Она вежливо пожала руку, взглянула мимо него и вдруг изменилась в лице.
Грейсон смотрел на нее, не понимая, в чем дело. У гувернантки перехватило дыхание. Грейсон отпустил руку и оглянулся.
Она не сводила глаз с Джейкобса. Тот, мертвенно-бледный, стоял на третьей ступеньке лестницы, вцепившись в перила.
Грейсон сложил руки на груди и прислонился к стойке перил. Никто не двинулся с места даже тогда, когда мимо прошел Оливер и понес багаж вверх по лестнице.
– Вы знакомы?
Джейкобс дернул головой. Кадык его ходил ходуном, будто ему было трудно глотать.
– Нет, сэр. Конечно, нет. – Джейкобс отвернулся.
Явная ложь. Очевидно, что и миссис Ферчайлд узнала Джейкобса. Дело становилось интереснее с каждой минутой.
– Миссис Ферчайлд, сегодня Мэгги уехала в театр с миссис Аластер. Вы можете пока устроиться в комнатах. Я ухожу. Если вам понадобится чай или что-нибудь еще, позвоните Оливеру.
– Конечно, милорд, – ответила она, с трудом переводя дыхание.
– Хорошо, мы поговорим завтра. Доброго вечера, миссис Ферчайлд.
В глубине красивых темных глаз сверкнула искра страдания и страха. Грейсону очень хотелось узнать, в чем дело, но нужно было встретиться с Сен-Клером и модными денди. Придется поинтересоваться частной жизнью лейтенанта и гувернантки дочери несколько позднее. Он схватил шляпу и вышел.
В театре давали веселую комедию о двух сестрах, одной плохой, другой хорошей, и их родителях-крестьянах. Хорошая сестра обрела любовь аристократа и вышла замуж, а плохая была опозорена. В конце она плакала и умоляла престарелых родителей о прощении, и в семье наступало примирение. Мэгги наблюдала за всем с неподдельным интересом.

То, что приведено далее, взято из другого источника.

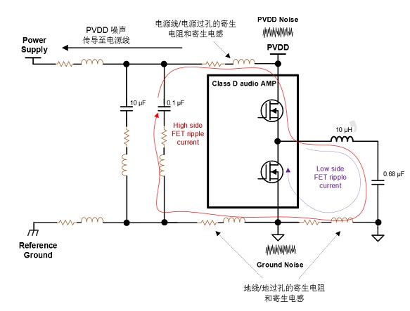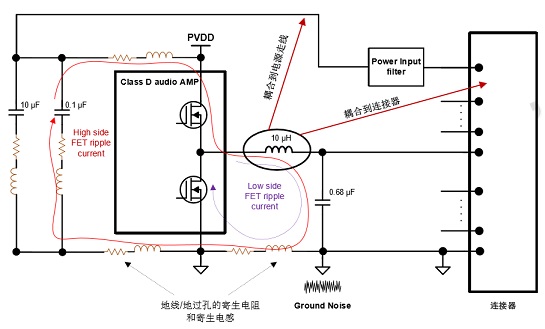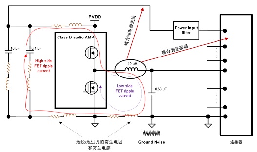 地噪聲來(lái)源分析:由于開(kāi)關(guān)紋波電 流流過(guò)寄生電感/電阻,造成參考地(Reference Ground)和功放地之間的電壓偏差。地噪聲會(huì)通過(guò)音頻功放傳導(dǎo)至喇叭線(或者其他 走線)影響傳導(dǎo)/輻射測(cè)試結(jié)果。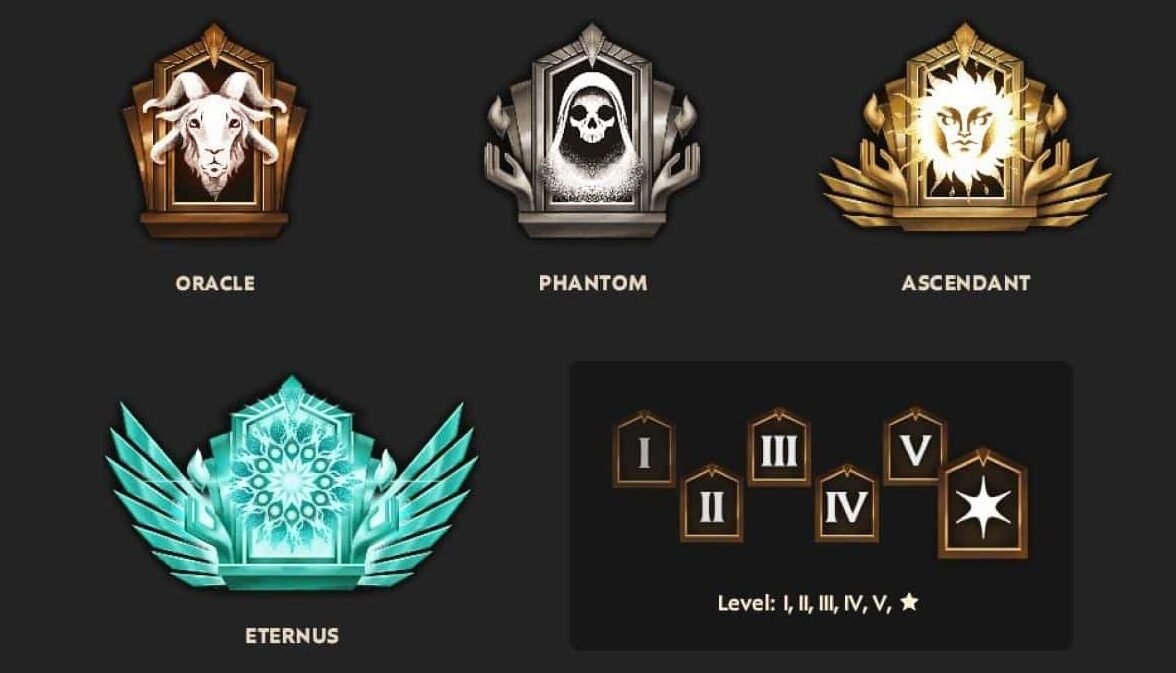 Además, cada medalla tiene subdivisiones. Los jugadores suben de nivel del 1 al 5 y, finalmente, las estrellas. Los jugadores que no tengan suficientes juegos serán colocados temporalmente en un ranking llamado Obscurus.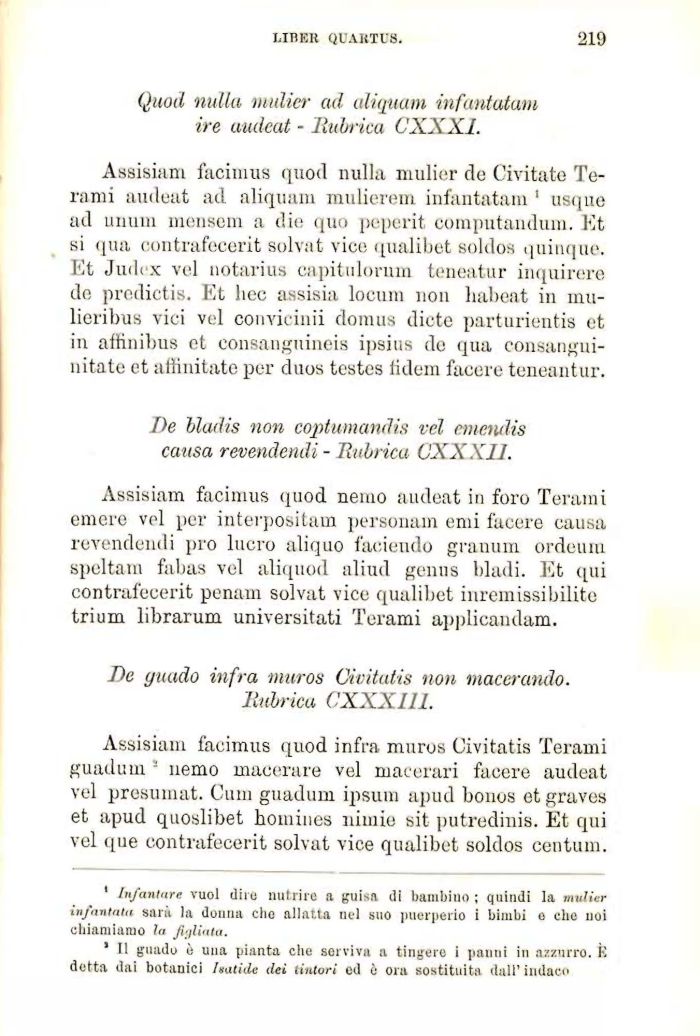 Assisiam facimus quod nulla niulier do Civitate Te-rami audeat ad aliquam muliereiu infantatam 1 usque ad unum monsoni a die quo peperit. computaiulum. Et si qua contrafecerit solvat vico qualibet soldos quinque. Et Judex voi uotarius capitulorum teneatur inquirere do predictis. Et liec assisia locum non habeat in mu-lieribus vici vel convicinii domus diete parturientis et in affiliibus et consanguineis i]>sius do qua consangui-nitato et affinitate per duos testes fidem facere teneantur.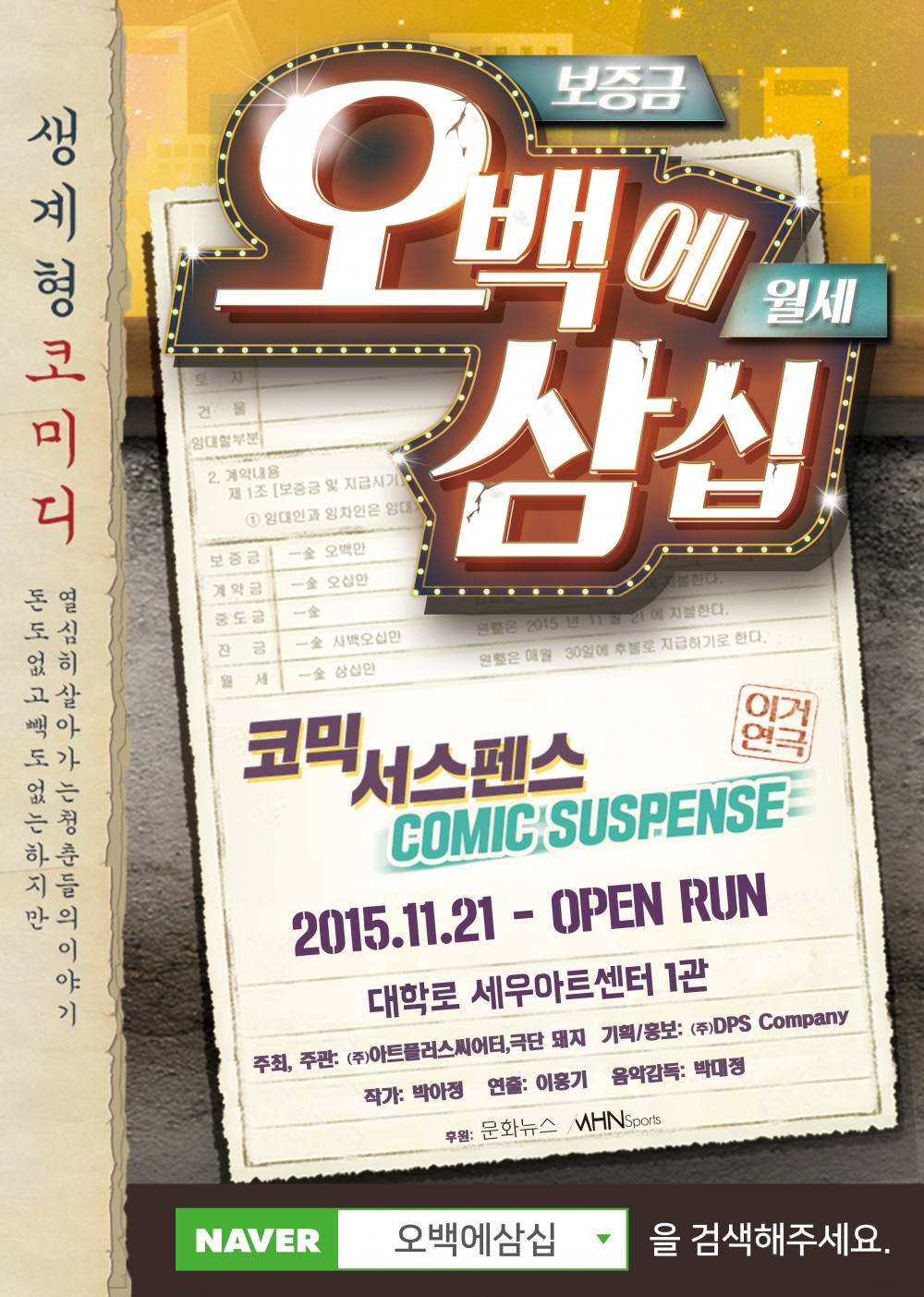 공연 제목에서 알 수 있듯, 보증금 500만 원에 월세 30만 원짜리 돼지 빌라에 사는 주인공들의 이야기를 다루고 있는 생계형 코미디 연극이다.

Конечно, большую часть происходящего на сцене заглушали возгласы зрителей – они разговаривали, кричали друг другу, обращались к актерам. Группа молодежи явно предпочитала плохую сестру и предлагала ей соблазнить аристократа и сбежать с ним, заодно показав им хорошенькие ножки. Лорд и леди Федерстон присоединились к ним; ложа была уютно обставлена креслами и низким столиком, на котором можно было разместить ридикюли, веера и чашки с чаем. Лорд Федерстон пил чай и, хмурясь, наблюдал за действием на сцене. Время от времени Александра замечала страстные взгляды, которыми он одаривал леди Федерстон, а один раз, когда освещение почти погасло, лорд взял ее за руку. Александра почувствовала себя одинокой. После первого отделения сцена опять осветилась, несколько акробатов принялись танцевать. Мэгги повернулась к Александре с сияющими глазами:
– Миссионеры говорили, что театр – это грех. Но что же здесь предосудительного?
Лорд Федерстон сильно удивился:
– Что они говорили?
Мэгги подперла рукой подбородок.
– Но я ведь тоже грешница, так что, может быть, просто этого не замечаю.

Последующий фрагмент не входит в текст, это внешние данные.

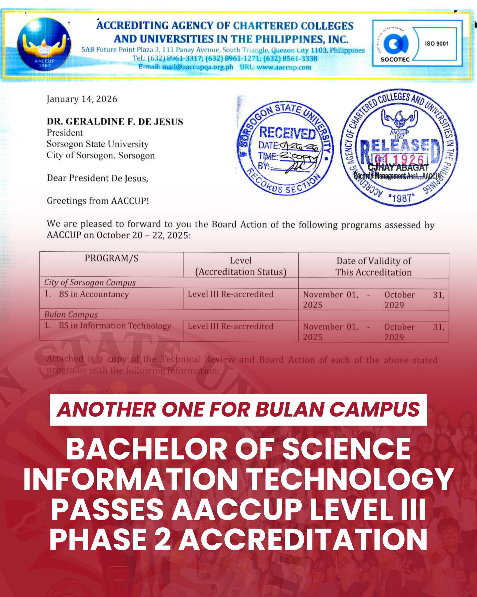 Sorsogon State University – Bulan Campus proudly announces the success of the Bachelor of Science in Information Technology (BSIT) in the AACCUP Level III Phase 2 Accreditation, following the accreditation assessment conducted last October 20–22, 2025.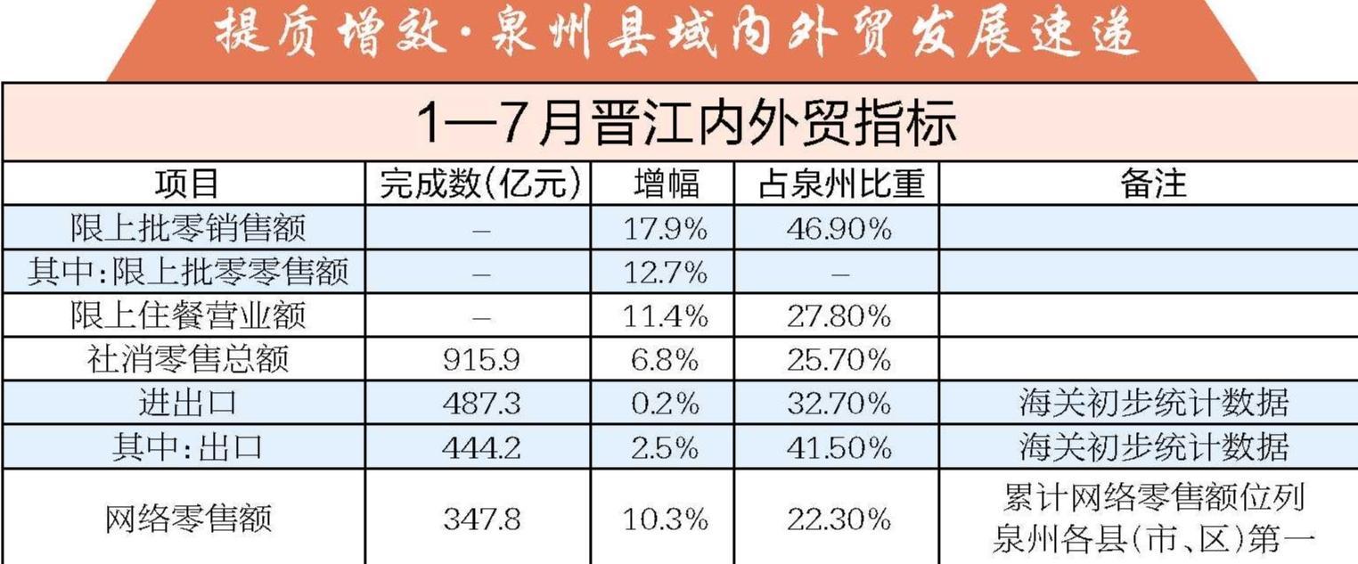 1—7月限上批零销售额较去年同期增长17.9%,外贸出口444.2亿元,较去年同期增长2.5% 安踏园区内,4000平方米的运动仓储式“工厂直营店”不再只是卖货场,已转变为集体验与消费于一体的沉浸式运动乐园;紫帽山下,七大国潮品牌以山水为幕,在流动T台上演绎“晋江制造”的时尚魅力;七匹狼中国男装博物馆中,研学学生触摸从老式缝纫机到智能剪裁的技术变迁,感受本土品牌的产业积淀…… 这些场景,是晋江以“产业IP+文旅地标”融合模式解锁新增长极的生动缩影。作为“晋江经验”的发祥地,这座工贸强市正以市场驱动为导向、工贸一体为路径,在双循环新格局中书写高质量发展新篇章。 “在泉州市委、市政府的坚强领导下,当前我们正以‘晋江经验’为引领,通过内外循环双向互促、工贸一体融合发展、供给需求协同发力,持续为全市经济高质量发展注入强劲动能。”晋江市内外贸高质量发展总指挥部总指挥长、晋江市市长王明元表示,下一步,将重点做好三个方面:一是打造闽南地区消费中心。充分发挥龙头品牌集聚效应与工业旅游资源优势,以“产业场景化、消费体验化”为核心,助力企业将科技新品、国潮优品融入工业旅游场景,同步全力打造“超级晋江”品牌店等融合工业旅游元素的新型消费场景,大力培育首店经济、银发经济、票根经济,持续激发市场消费活力。二是打造工贸融合标杆城市。把建设2.0版标准化园区作为工贸一体发展的战略支点,因地制宜引进一批供应链配套贸易和AI大模型、数字赋能、金融财会、时尚研发等高端业态,推动生产性服务业与制造业互促互进,加快由“制造驱动”向“市场链接”延伸升级,实现园区效益充分释放、产业规模倍增。三是打造双循环发展链接支点。加快推进鞋服纺织、食品、伞业等全国供应链创新中心建设,强化鞋纺城、机场、围头港、陆地港、综保区等要素联动协作,构建辐射全国、联通国际的立体化综合物流枢纽。完善出海服务矩阵,鼓励企业并购海外品牌、技术平台,培育打造一批“新晋江系”电商品牌簇群,助力企业抢占国内外多元市场,让“晋江优品”贸通全球、享誉世界。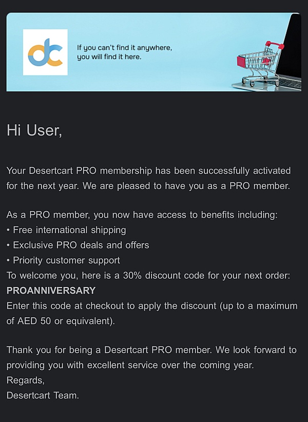 I purchased an item form desert cart and somehow desert cart sneakily signed me up to an annual membership which costs 699 dirhams. They do this by offering you free shipping but the catch is that you are signed up to this PRO membership. I'm usually very wary about such things but it even caught me out. They down right refuse to refund as soon as they have your money, that's it. This scheme with desert cart isn't one I have heard of yet so sharing it here to help others out.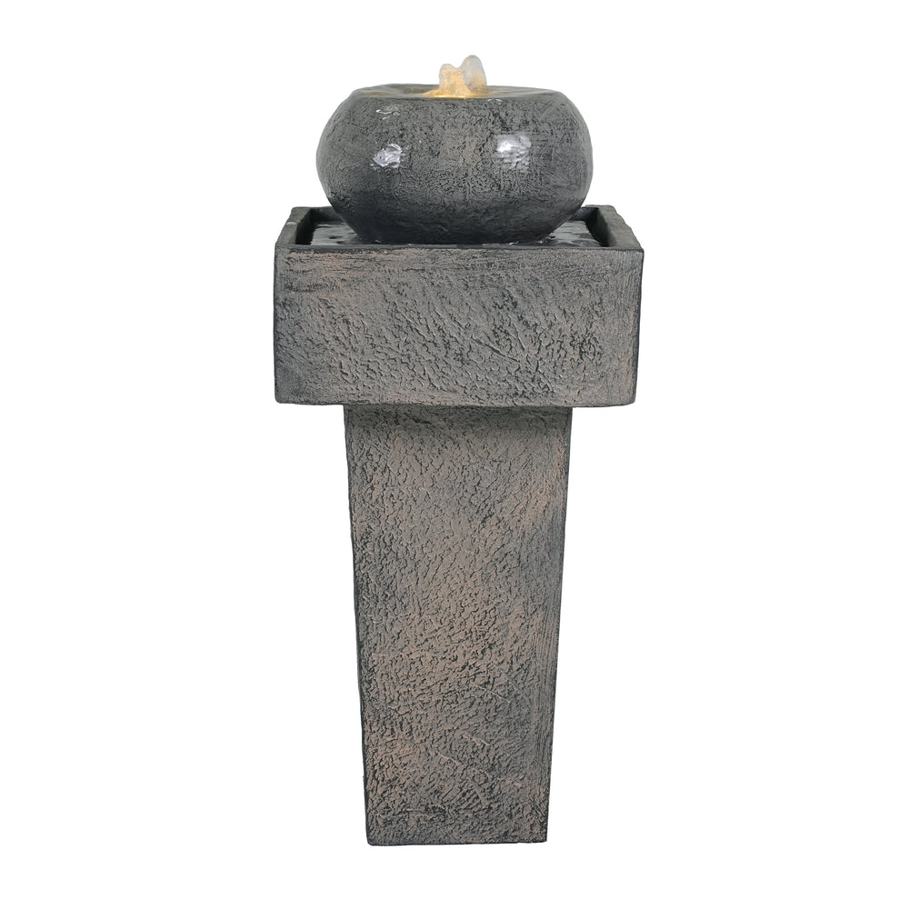 Enhance your patio, porch, or garden with this sleek 25.5-inch-tall (65 cm) minimalist concrete column fountain. Featuring a modern, simple column design with smooth, elegant lines, it seamlessly integrates with contemporary outdoor spaces to create a stylish centerpiece. Water flows evenly from the top, forming a tranquil, soothing curtain that brings calm and serenity to your environment. Embedded LED lighting illuminates the cascading water, creating enchanting sparkling effects both day and night. Crafted from durable concrete, this fountain resists weather, corrosion, and UV rays, ensuring long-lasting beauty. Easy to install and maintain with its quiet 2.2W circulating pump, it transforms your outdoor area into a peaceful retreat. Elevate your outdoor decor and unwind with the serene sound and soft glow of this modern water feature today.

Александра снова возмутилась:
– Мэгги, ты не грешница.
Федерстоны обменялись взглядами.
– Конечно, нет, – проговорил лорд Федерстон.
Мэгги не стала спорить. Она наблюдала за танцем. И, держа в руке лорнет Александры, поднимала его, чтобы оглядеть театр.

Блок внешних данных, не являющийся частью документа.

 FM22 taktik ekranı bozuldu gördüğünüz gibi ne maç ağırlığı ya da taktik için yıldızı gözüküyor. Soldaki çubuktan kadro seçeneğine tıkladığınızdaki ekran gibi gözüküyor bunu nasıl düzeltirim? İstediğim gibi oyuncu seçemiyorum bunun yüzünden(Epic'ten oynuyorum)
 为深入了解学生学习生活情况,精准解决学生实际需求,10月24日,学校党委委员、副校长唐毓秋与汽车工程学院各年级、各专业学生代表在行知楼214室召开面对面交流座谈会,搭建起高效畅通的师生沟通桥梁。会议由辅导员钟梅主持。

Лорд Федерстон отправился навестить знакомых и вернулся с мистером Берчардом. У Александры остановилось сердце. Именно мистера Берчарда виконт так решительно вычеркнул из списка. Она не рассказала об этом леди Федерстон, не зная, как поступить.
Этот человек не мог быть тем ужасным негодяем, каким его назвал Грейсон. Наверное, он говорил о другом Захарии Берчарде. Мистеру Берчарду было около сорока лет, его виски слегка посеребрила седина, он был гибким и высоким, хотя и ниже Грейсона. Взгляд его темных глаз был спокоен и вежлив. Леди Федерстон не выяснила о нем ничего предосудительного, хотя и ожидала кое-каких сведений о его кузинах из Йоркшира.
Он поклонился Александре и леди Федерстон, с любопытством взглянул на Мэгги и присел. Лорд Федерстон представил Мэгги как мисс Финли, дочь виконта Стоука.
Мистер Берчард замер. Или Александре это лишь показалось?
Завязался разговор. Мистер Берчард относился к леди Федерстон с почтением, а к Александре с вниманием, но без малейшего намека на флирт. Мэгги сосредоточилась на спектакле, а мистер Берчард, похоже, не проявил к ней никакого интереса.
На гладком лице мистера Берчарда не было и тени беспокойства. Может, он был слишком невозмутим? Александра внутренне встряхнулась. Это все игра воображения. На свете должен быть не один Захария Берчард. Лорд Федерстон говорил мало, наверное потому, что леди Федерстон занялась расспросами. Она выяснила у мистера Берчарда, что у того нет ни братьев, ни сестер, что отец оставил ему в наследство дом неподалеку от Скарборо, что он планирует созывать туда гостей в этом году, и будет рассылать приглашения на охоту.
Леди Федерстон взглядом предоставила Александре возможность продолжить расспросы. Александра дотронулась языком до верхней губы.
– Э-э... мистер Берчард, вы когда-нибудь были на море?
В этот раз ей не показалось. Он привстал и снова опустился на сиденье. Конечно, вопрос был в высшей степени необычным. Леди Федерстон с недоумением посмотрела на Александру.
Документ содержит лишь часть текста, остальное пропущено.